──────── DATA UNDER STUDY
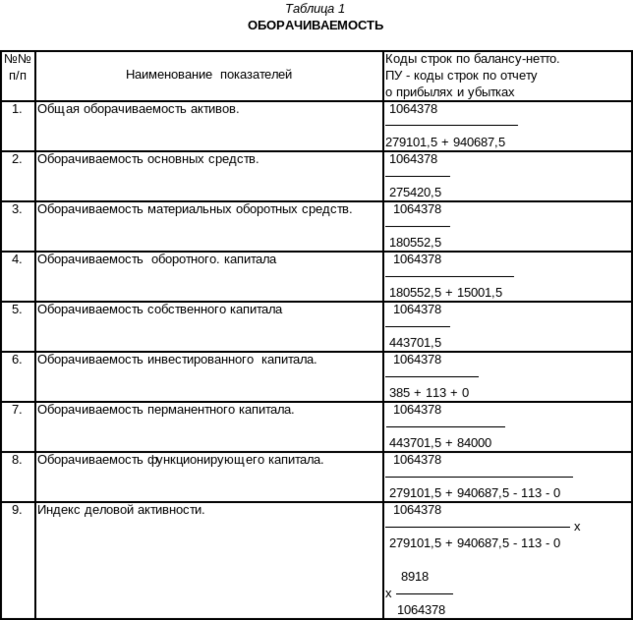 Коэффициенты оборачиваемости имеют большое значение для оценки финансового состояния предприятия, поскольку скорость оборота капитала, то есть скорость превращения его в денежную форму, оказывает непосредственное влияние на платежеспособность предприятия. Кроме того, увеличение скорости оборота капитала отражает при прочих равных условиях повышение производственно-технического потенциала предприятия. Для этого рассчитываются 8 показателей оборачиваемости и один комплексный показатель - "индекс деловой активности", дающие наиболее обобщенное представление о хозяйственной активности п
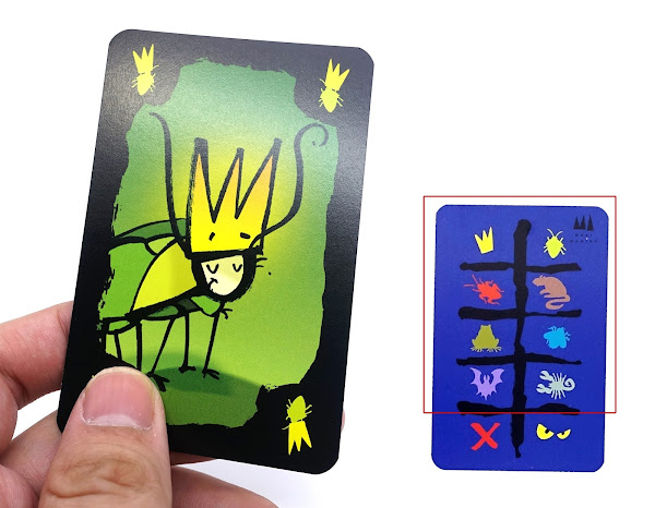 ▲每次輪到你的時候,你必須從手上面朝下打出一張卡,把那張卡放到任何一位玩家面前,並聲稱那張卡是『XX』。『XX』可以是你牌背上方的八種符號其中一種,可以說它是【皇冠】、【臭蟲】、【蟑螂】、【老鼠】、【蟾蜍】....等。當然,你可以實話實說,也可以說謊~
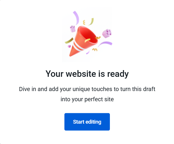 8. Once the website is generated, you will see the Your website is ready pop-up. Click on the Start editing button.
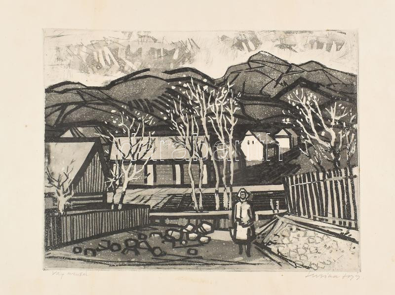 Leírás: Luzsicza Lajos (1920-2005): Vág-völgyében. Aquatinta, papír. Jelzett, . 30x40 cm Kissé foltos a lap széle
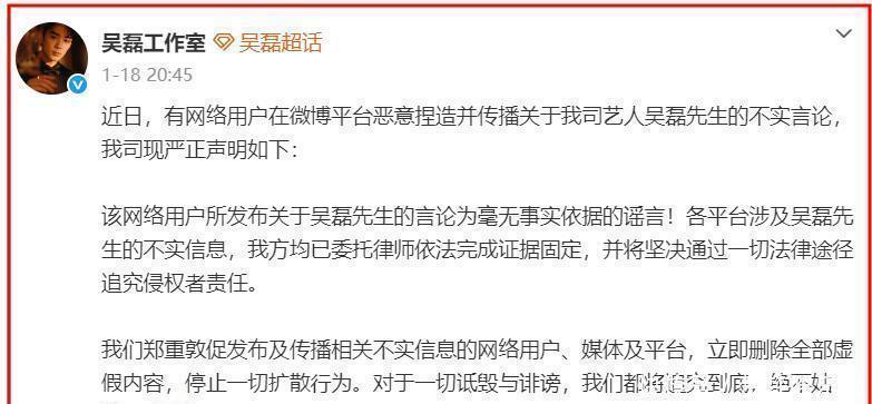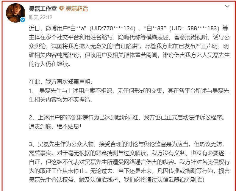 这就意味着,一旦吴磊在官司上占了上风,白珊珊可不只是赔付赔偿、说声对不起那么简单,她还可能会面临入狱的风险。而且,转发完律师的声明后,吴磊的工作室又推出了一份新的声明。
────────────────
WORK TASK:
Without including the pictures, reproduce all entries exactly.

TASK RESPONSE:
 Коэффициенты оборачиваемости имеют большое значение для оценки финансового состояния предприятия, поскольку скорость оборота капитала, то есть скорость превращения его в денежную форму, оказывает непосредственное влияние на платежеспособность предприятия. Кроме того, увеличение скорости оборота капитала отражает при прочих равных условиях повышение производственно-технического потенциала предприятия. Для этого рассчитываются 8 показателей оборачиваемости и один комплексный показатель - "индекс деловой активности", дающие наиболее обобщенное представление о хозяйственной активности п
 ▲每次輪到你的時候,你必須從手上面朝下打出一張卡,把那張卡放到任何一位玩家面前,並聲稱那張卡是『XX』。『XX』可以是你牌背上方的八種符號其中一種,可以說它是【皇冠】、【臭蟲】、【蟑螂】、【老鼠】、【蟾蜍】....等。當然,你可以實話實說,也可以說謊~
 8. Once the website is generated, you will see the Your website is ready pop-up. Click on the Start editing button.
 Leírás: Luzsicza Lajos (1920-2005): Vág-völgyében. Aquatinta, papír. Jelzett, . 30x40 cm Kissé foltos a lap széle
 这就意味着,一旦吴磊在官司上占了上风,白珊珊可不只是赔付赔偿、说声对不起那么简单,她还可能会面临入狱的风险。而且,转发完律师的声明后,吴磊的工作室又推出了一份新的声明。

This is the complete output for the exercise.